Because the electrical tuning needed to correct the electrical unbalance requires small, precise changes in voltage magnitude and phase, engineers have been creative in developing innovative technologies for reactive compensation. By necessity, the designs must be economical and exhibit high performance repeatability in a manufacturing environment. Compensation may be added to the connecting hardware printed circuit path or may be integral to the construction of the connector. The Siemon Company holds numerous patents for various methods of achieving electrical balance in connecting hardware.

Through-Hole Technology

The Siemon CT® series category 5 couplers, shown in figure 2, utilize patented "though-hole" reactive balancing technology to achieve consistent transmission performance. It is an excellent example of a printed circuit board design containing reactive balancing elements within the circuit path. As shown in figure 3, the CT® coupler employs the use of plated through holes that are arranged and interconnected in a grid pattern on the printed circuit board. The holes are sized, spaced, and interconnected in a specific configuration to provide well-tuned reactive compensation. Location of the holes between selected leads of the modular jacks and the IDC contacts ensures precision placement of the reactive elements.

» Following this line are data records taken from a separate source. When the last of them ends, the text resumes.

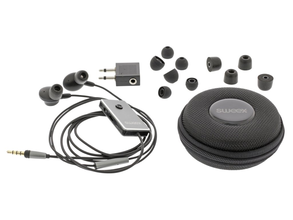 Kvalitní sluchátka do uší Sweex s aktivním potlačením hluku. Užívejte si své oblíbené skladby v perfektně vyvážené zvukové kvalitě s tímto Sweex headsetem do uší s aktivním potlačením hluku. Aktivní potlačení hluku sníží rušivé okolní zvuky o 20 dB, takže se do hudby můžete opravdu ponořit.
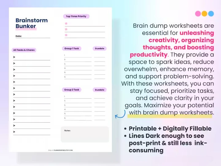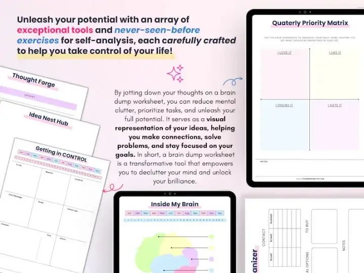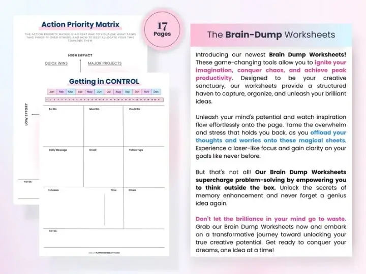This planner helps you brain dump thoughts, organize priorities, and translate ideas into action so you can focus on what truly matters without the stress of scattered thinking. A brain dump isn’t just a list — it’s a productivity reset that helps clear your mental workspace and increase clarity.
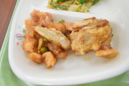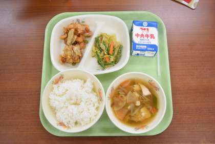 今日は稲武の学校給食では定番になっている大分県の郷土料理である「チキンチキンごぼう」です。油で揚げた鶏肉とごぼうを甘辛いたれであえています。こどもたちから人気のあるメニューです。
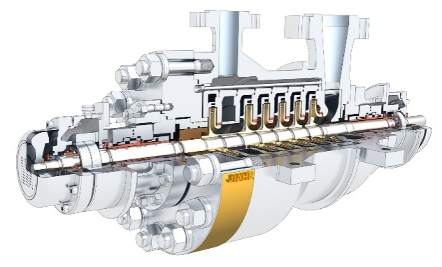 JHDT系列泵為雙殼體、徑向剖分、多級、兩端支承離心泵。符合API610-11th標準。進出口法蘭尺寸滿足ANSI或ISO標準。密封腔的設計符合ISO21049(API682)密封標準,沖洗、冷卻、加熱、急冷和緩沖液管路的連接符合API方案。底座符合API標準要求,焊接堅固并帶有集液盤和起吊耳。
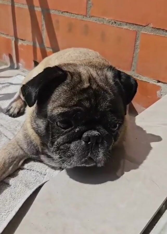 A close up shot captures a tan pug dog, its black face distinct against its lighter coat. It lies prone on a gray towel, which is partially situated on a tile surface. The brick wall provides a backdrop to the scene, casting a long shadow across the frame. Sunlight illuminates the dog's face and the surrounding area, highlighting the brick and towel textures. The camera remains still, providing a stationary perspective of the dog.
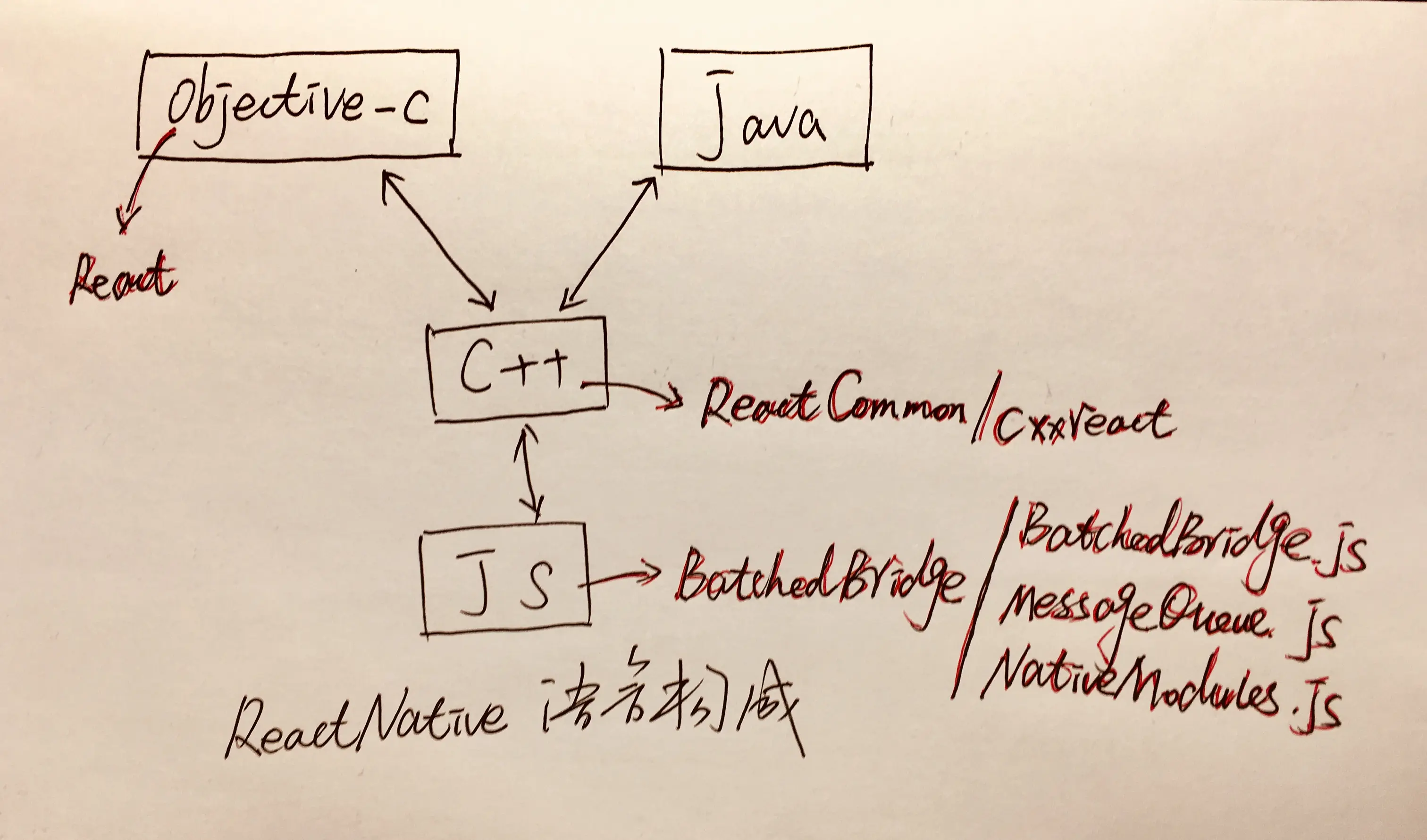 RCTBridge与RCTCxxBridge属于 iOS 平台特有,前者是 RN 对业务层接口(图中其他类都属于内部类,业务层无感知),具体工作在其子类RCTCxxBridge中完成;- 整个 RN 的核心在跨平台的 C++层,其中很多类的功能从其名称即可略知一二,后文也会有详细的描述;

Figure 2: The Siemon CT® series category 5
couplers utilize patented through-hole reactive
balancing technology

Figure 3: Close-up view of reactive through-hole balancing circuitry

Because the reactive elements may be added in a parallel or series configuration, the designer has infinite control over the outlet's inductive and capacitive reactance. This design approach offers flexibility and allows for minute changes in reactive balancing to achieve optimum performance. This design may be observed in several of Siemon's other product lines including the HD5® series patch panels and the SM® surface mount connectors.

The Siemon Company's innovative circuit board designs go beyond transmission performance. Siemon uses their S110-D connecting blocks that include Siemon's own patented compliant pin (solderless) technology to achieve the most reliable circuit board connection in the industry. This military approved press-fit design allows the use of a multi-pair impact tool thus saving significant installation time while ensuring the integrity of the connection. Traditional solder tail designs may fail due to cracked solder joints when subjected to the force exerted by an impact tool.

Multi-Planar™ Technology

An example of a compensation design built integral to the connector is Siemon's multi-planar™ technology utilized in the Siemon MAX™ module. The exploded view in figure 4 shows that the MAX™ module is actually a laminate assembled from three layers of stamped contacts separated by dielectric barriers. The reactive plates provide inductive and capacitive coupling that reduces crosstalk while maintaining pair balance. The series configuration ensures that current passes through the plates (as opposed to a shunt configuration that is known to contribute to resonance in a short link configuration). The use of multi-planar™ parallel plate contacts offers a significant advantage over other lead-frame compensation styles because the design allows for multi-dimensional optimization between contact pairs to ensure superior performance. The flexibility offered by this design approach is that any two conductors may be selectively positioned adjacent to one another for optimal performance. This type of construction also allows for independent tuning of both input and output connections (the plug and IDC ends of the outlet) to assure consistent performance regardless of its orientation relative to active equipment.

Figure 4:
Exploded view of MAX™ module depicting multi-planar™ reactive balancing geometry

As telecommunications standards are refined to meet the evolving demands of ever-increasing information throughput to the desktop, it is critical that today's cabling products make use of innovations to provide the highest possible reliability and transmission performance. The through-hole technology employed by the Siemon CT®, HD5®, and SM® series outlets and patch panels, and the multi-planar™ contact construction exemplified in the Siemon MAX™ module are innovations that provide multi-dimensional design latitude to consistently achieve optimum transmission performance, both as components and as part of a telecommunications channel. These technologies enable The Siemon Company to offer products today that will support enhanced performance requirements and emerging gigabit applications of tomorrow.

Rev. C, 7/99